The Birds And The Bees
Although indolence is Ulpotha's keynote
it's also a nature lover's and walker's dream. The energetic find
endless hills to climb and woods to walk, and a garden designer among
the guests seemed entranced by the plants. For wildlife, as for people,
the area is a place of safety so, just walking to breakfast, I watched
a monitor lizard sunbathing while exotic birds landed only feet away.
However, the restless spirits not
interested in wildlife borrowed Ulpotha's bikes and cycled the deeply
rutted path to the nearest village to buy a few - very few - bare
necessities and phone their loved ones from the public phone. For one
of few problems at Ulpotha is a complete lack of phones, and
surrounding mountains which make most mobiles fail.
A Touch Of Magic
The most magical evening of my stay was
when we all sat in the darkness, watching buffalo thresh the new rice
crop in the cool of the night. I felt like a time traveller as they
slowly circled, treading it under their hooves, as they had for
thousands of years, lit only by flickering candle light.

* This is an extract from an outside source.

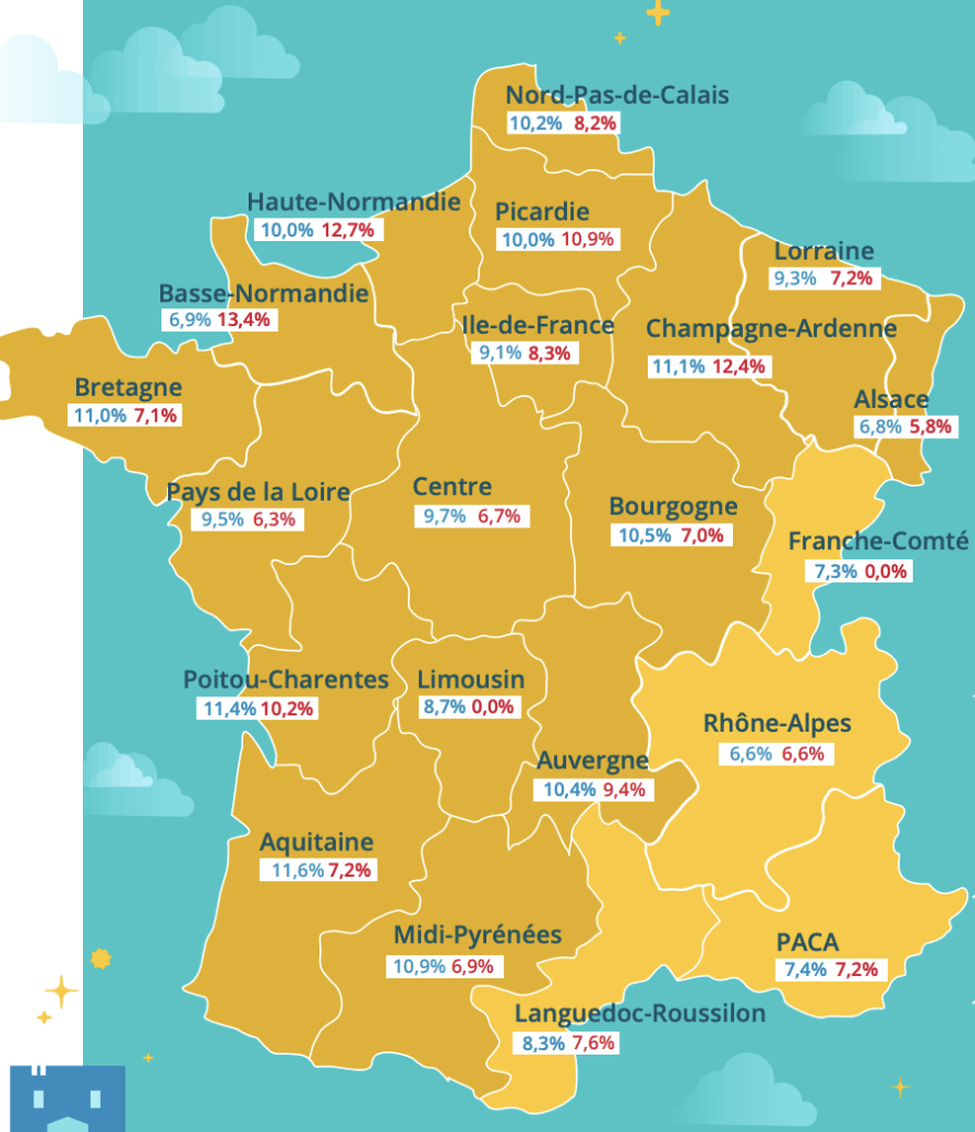 Ainsi en Ile de France où le marché bénéficie largement du retour d’acheteurs plus aisés et de ménages ayant au préalable réalisé la revente d’un autre bien immobilier, disposant d’un apport personnel élevé leur permettant de s’affranchir des contraintes imposées par la Banque de France, les ventes ont progressé de près de 15 %. Alors que dans trois régions (Aquitaine, Nord-Pas de Calais et PACA) où

Ulpotha keeps alive the traditional rituals
of seed time and harvest, and I watched, next morning, as rice was
ritually cooked and spread on flower-decorated banana leaves, in thanks
for this God-given harvest, before being shared round the village in
celebration.
Such things are part of the fabric of
Ulpotha's life, not a show put on for tourists. Here tradition is
lived, celebration and gratitude seem to come naturally, and the
practical and the spiritual are deeply interwoven. So respect for
nature, and everything that lives, is a daily act of reverence - and
you can feel it in the whole atmosphere of the place and the
thoughtfulness with which you are looked after.
Pleasures And Pastimes
Party nights are nights to remember. The
owners seem to sense when everyone is in the mood for dancing and
suddenly say, 'How about a party tonight?' By nightfall, bottles of
arrak have been mustered and rugs and cushions laid out on the flat
rocks by the lake, or under the enormous banyan tree. Dancing in the
moonlight is to the music of a remarkably talented village band, or
CD's powered by a car battery.
Some of the great sights of Sri Lanka are
within reach, among them Dambulla and a Buddhist monastery with some of
the oldest archaeological remains in the country. So, at least once a
week, there's a spur of the moment picnic or a visit to a historic
site. These outings are free, apart from the admission fee to wherever
you visit. But whether you pile into the minibus and jolt off - over
the less than wonderful roads - or stay and savour the even greater
quiet when others have gone, is entirely up to you.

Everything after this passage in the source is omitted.